**EXERCISE DETAILS**
Transcribe nothing except the lines below that run from the one with "-Математикалық маятниктің формуласынан" to the one with "Staff of Ra.", ends included, and do not copy any picture.

---------- INPUT RECORDS ----------

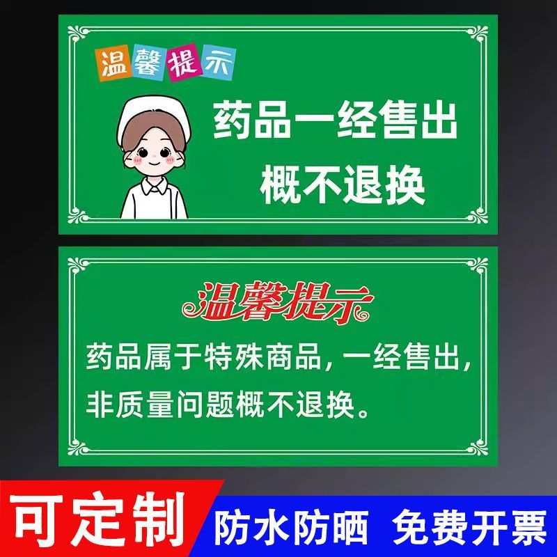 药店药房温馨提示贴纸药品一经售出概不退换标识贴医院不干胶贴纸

----------
---------- INPUT RECORDS ----------

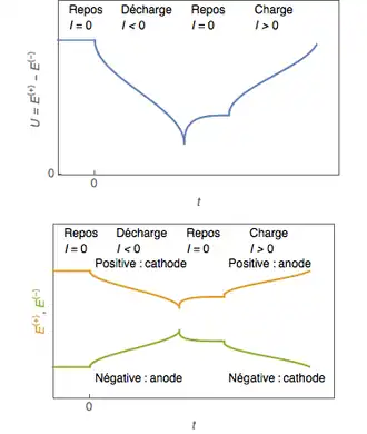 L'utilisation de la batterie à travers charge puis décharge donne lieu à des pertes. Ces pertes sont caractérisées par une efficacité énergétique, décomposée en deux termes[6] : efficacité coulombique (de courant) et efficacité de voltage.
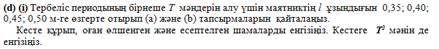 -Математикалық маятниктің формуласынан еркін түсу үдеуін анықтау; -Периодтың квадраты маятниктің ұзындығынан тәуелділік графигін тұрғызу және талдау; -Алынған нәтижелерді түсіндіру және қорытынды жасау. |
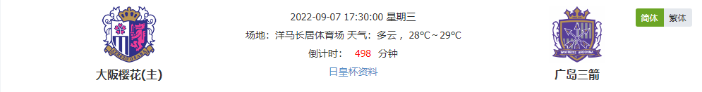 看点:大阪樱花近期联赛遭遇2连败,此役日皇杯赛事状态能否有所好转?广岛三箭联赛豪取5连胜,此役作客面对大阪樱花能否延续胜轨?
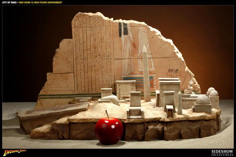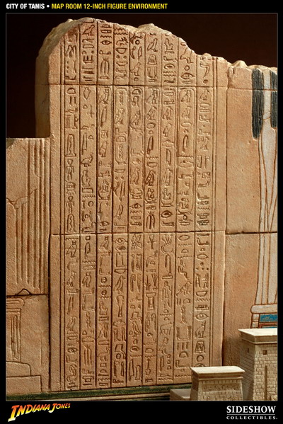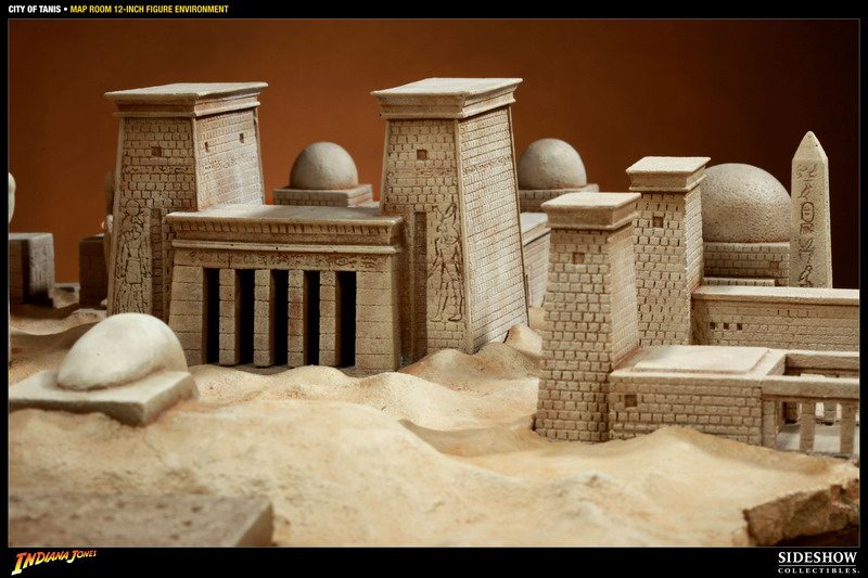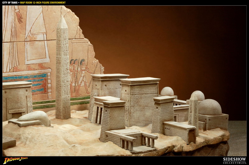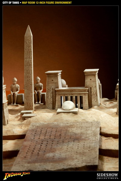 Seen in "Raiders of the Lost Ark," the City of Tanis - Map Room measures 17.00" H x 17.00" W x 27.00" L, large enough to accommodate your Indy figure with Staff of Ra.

----------
---------- INPUT RECORDS ----------

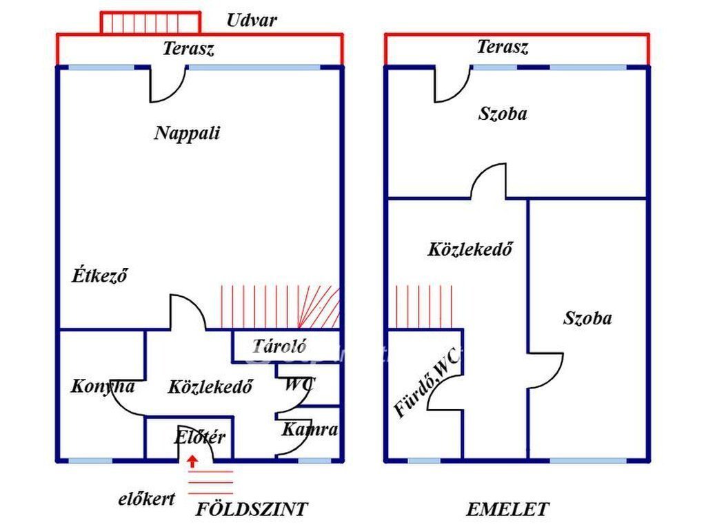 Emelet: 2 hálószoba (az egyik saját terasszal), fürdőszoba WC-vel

----------

**SOLUTION FOR THIS TASK**
 -Математикалық маятниктің формуласынан еркін түсу үдеуін анықтау; -Периодтың квадраты маятниктің ұзындығынан тәуелділік графигін тұрғызу және талдау; -Алынған нәтижелерді түсіндіру және қорытынды жасау. |
 看点:大阪樱花近期联赛遭遇2连败,此役日皇杯赛事状态能否有所好转?广岛三箭联赛豪取5连胜,此役作客面对大阪樱花能否延续胜轨?
 Seen in "Raiders of the Lost Ark," the City of Tanis - Map Room measures 17.00" H x 17.00" W x 27.00" L, large enough to accommodate your Indy figure with Staff of Ra.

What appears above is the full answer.